There is another link check you need to perform. All the links to stylesheets and images should be given as relative pathnames. In simple terms, this means they must not begin with a / character. If your links do not use relative pathnames, they will fail to work when your code is copied to another place on the disk (or to another computer’s disk). For this, you will need to set up a remote sever for your site, have Dreamweaver copy your site to the remote server, and test it there. The procedure is documented in the Dreamweaver Setup web page.
Validate
If you have been watching the HTL Tidy icon in your status bar, your code will already pass the XHTML validation check automatically, but you can click the link at the bottom of the page to be sure. You should get a page with a nice big green bar offering you congratulations for having no warnings or errors on your page. Do the same with the CSS link at the bottom of the page and make sure there are absolutely no errors or warnings there.
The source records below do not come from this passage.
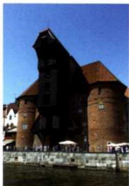
Das Krantor (siehe S. 87) ist das berühmteste Stadttor in Danzig

Die Geschichte Danzigs und Ostpommerns 38
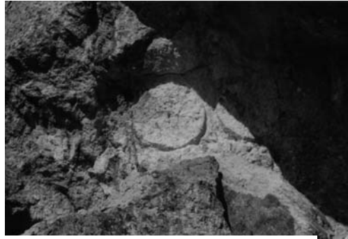
δ: Ημιλαξευμένη μυλόπετρα
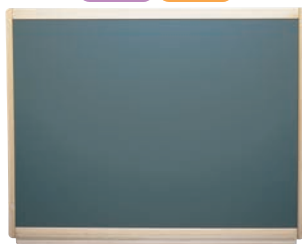
④ ウットーチョークグリーン (壁掛黑板)
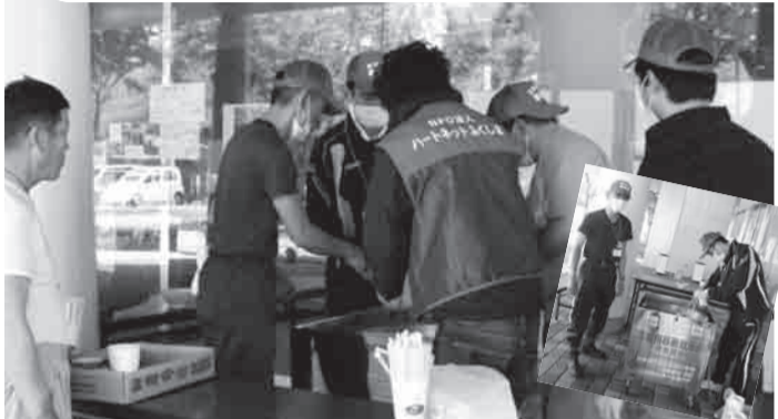
▲Ang kalagayan ng pagluluto ng tanghaliang isinagawa sa Parseizaka (Fukushima City) noong ika-6 ng Hunyo. Ang luto sa araw na ito ay [Misong Sabaw na may Toge]. Tinugunan ang kahilingan na [gusto naming uminom ng karaniwang misong sabaw] kaya kami ay nagluto kasama ang mga tauhan ng samahan.

Fix any problems that show up.
Save and Submit
When you have tested, verified, and validated your code, be sure log out so your code will be saved to the server, and send me an email message saying your assignment is ready. I will copy it from the server to the Unix computer in my office (babbage), and will check it out from there.
My email address is:
Christopher.VickeryATqc.cuny.eduThe Subject Line of your email must say CS-081 Assignment 5, exactly like that, in order to avoid my spam filters.
Always include CS-081 in the subject line of your email messages to me, even if you are not submitting an assignment, because of the spam filters.
Be sure to sign your email so I know who sent it!